I am here to ask if my perception is actually true.
I originally thought defining vector<T> v(size_t someSize, T init_value) would call a function such as vector<T>::reserve, instead of vector<T>::push_back. I found some discussion relating to this here: std::vector push_back is bottleneck, but this is slightly different in its idea.
Running some experiments, I notice that vector<T> v(size_t someSize, T init_value) calls ::push_back all along. Is this true? I have the following report using uftrace(https://github.com/namhyung/uftrace).

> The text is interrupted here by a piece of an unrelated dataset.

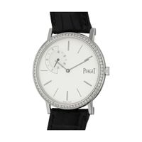 PIAGET, Altiplano. Montre d’homme ronde en or blanc 750 millièmes et diamants. Boîtier rond, fond transparent avec fermeture à vis. Lunette sertie de brillants. Cadran argenté avec index bâtons et secondes excentrées. Mouvement mécanique à remontage manuel. Bracelet en cuir avec boucle ardillon en or 750 millièmes signée. Diamètre : 40 mm. Poids brut : 67,9 g. Référence : P10706. No de série : 1105910. Écrin, surboîte, certificat daté du 16/10/2018 et un livret sur la maison Piaget.

Avg total Min total Max total Function
========== ========== ========== ====================================
858.323 ms 858.323 ms 858.323 ms main
618.245 ms 618.245 ms 618.245 ms sortKaway
234.795 ms 234.795 ms 234.795 ms std::sort
72.752 us 72.752 us 72.752 us std::vector::_M_fill_initialize
65.788 us 49.551 us 82.026 us std::vector::vector
20.292 us 11.387 us 68.629 us std::vector::_M_emplace_back_aux
18.722 us 17.263 us 20.181 us std::equal
18.472 us 18.472 us 18.472 us std::vector::~vector
17.891 us 10.002 us 102.079 us std::vector::push_back // push_back?!
Does vector<T>::reserve also call on vector<t>::push_back eventually? Is there faster version for vector?
The above was the original post. After some comments, I tested a simple version, and realized I was completely mistaken.
#include <vector>
#include <functional>
#include <queue>
#include <cassert>
using namespace std; // for the time being
int main () {
vector<int> v(10, 0);
return 0;
}
This actually results in the following, which doesn't involve std::vector<T>::push_back.
# Function Call Graph for 'main' (session: 9ce7f6bb33885ff7)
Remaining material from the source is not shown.